С интересом разглядывала контуры Везувия. По теперешнему вулкану и расположенной ниже вершине Соммы можно было мысленно восстановить размер и форму бывшего Везувия.
Я положила голову на плечо Мяртэна.
Он снял с моих глаз солнцезащитные очки и пальцами вытер слезы.

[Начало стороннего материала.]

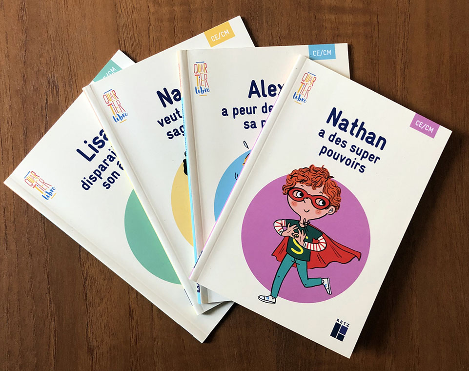Nous avons conçu et réalisé la collection de romans Quartier Libre. Cette série aborde des sujets d’EMC écrits par Boualem Aznag et Stéphane Grulet, la team de Parents-Profs. Cette collection à destination d’élèves de CE1 à CM2 a pour but de combattre le harcèlement et de favoriser le vivre ensemble. Illustrations par Mary Gribouille. Chaque ouvrage fait 34 pages, format 14x21cm, quadri offset.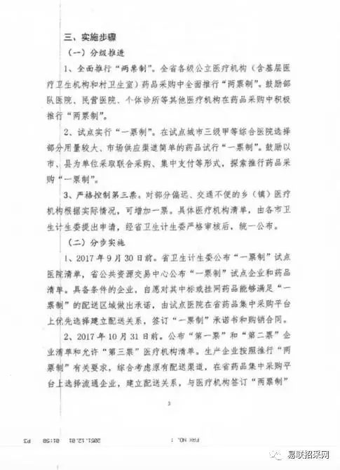 (2)執行時間,關于醫用耗材采購工作將藥品采購“兩票制”試行情況,擇期參照執行。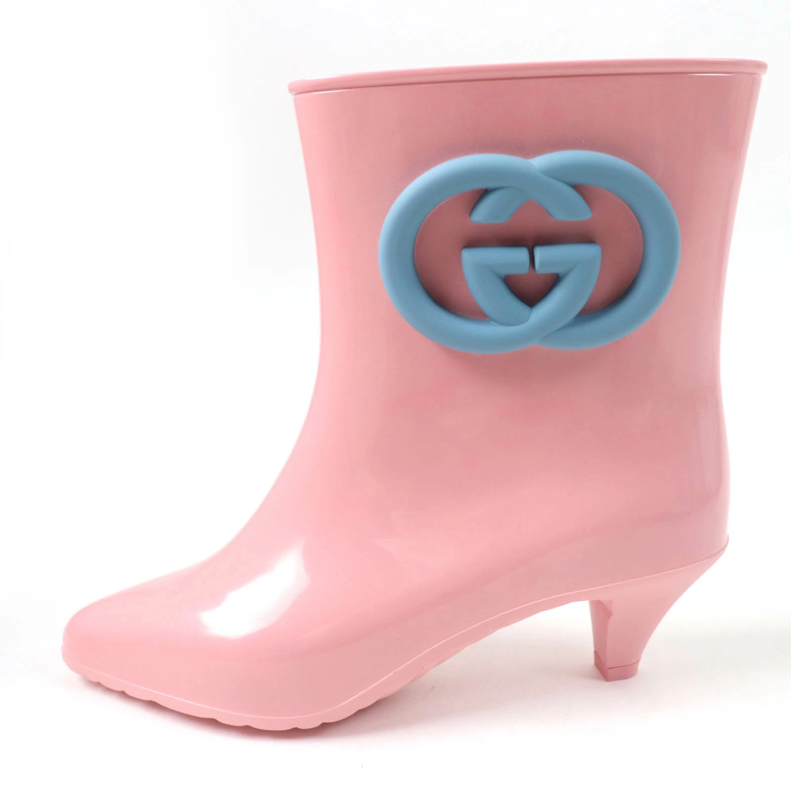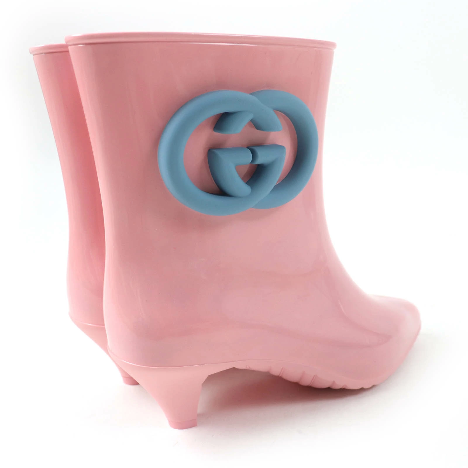 Unused GUCCI 724458 Interlocking G Rubber Rain Boots, Pink, Size 36, Comes with Dust Bag, Made in Italy, Women's [Pre-owned]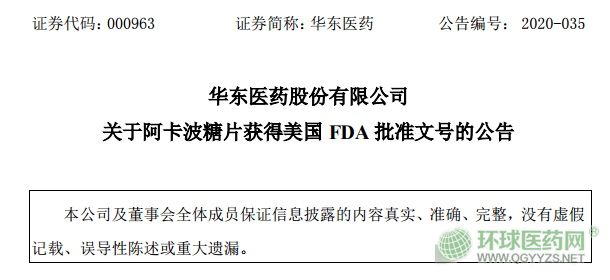 - 華東醫(yī)藥阿卡波糖片獲得美國(guó) FDA 批準(zhǔn)文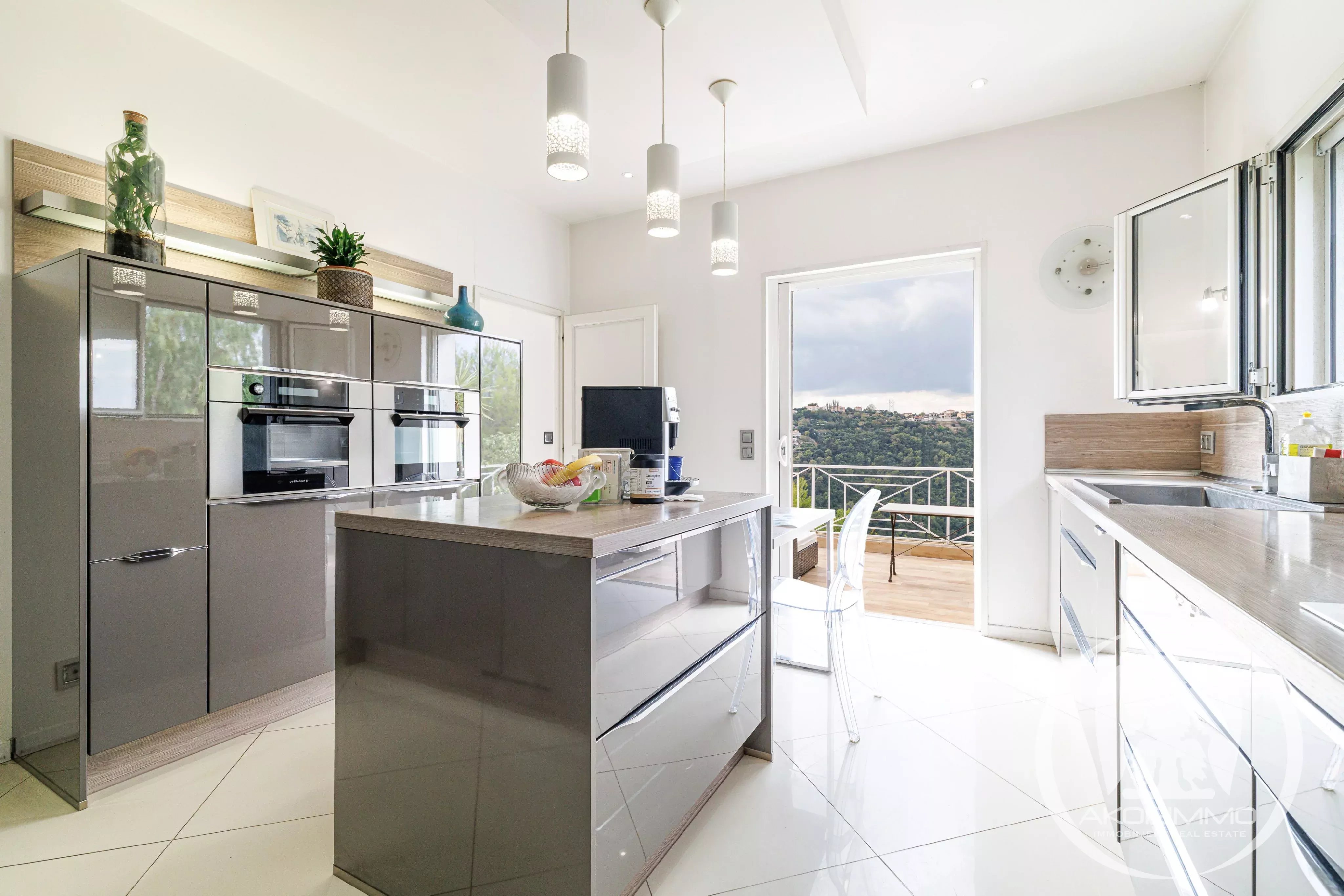 Elle est en position dominante, exposée sud-ouest, avec une très belle vue dégagée sur les montagnes. Très belles prestations (chauffage au sol par pompe à chaleur et double vitrage tout en aluminium).

— Как ты догадался? — спросила я.
Он сказал не сразу, а немного погодя:
— Вот ведь несчастье.
Не знаю, имел он в виду Помпеи. Или нас. Или вообще катастрофы в жизни людей.
Наши спутники вышли из дома и двинулись дальше, вплотную за pedotto. Риккардо оглянулся, хотел что-то сказать. Но не решился потревожить нас с Мяртэном.
Мы побрели вслед за ними.
— Сась, — сказал Мяртэн. — Я считаю дни. Их осталось только два. Два дня.
Я считала даже часы.
Следовало ли понимать это так, что Мяртэн примирился с неизбежным? Или он напоминал о возможности повернуть все по-другому? Еще оставалось время для отступления. Но я кивнула соглашаясь: да, два дня.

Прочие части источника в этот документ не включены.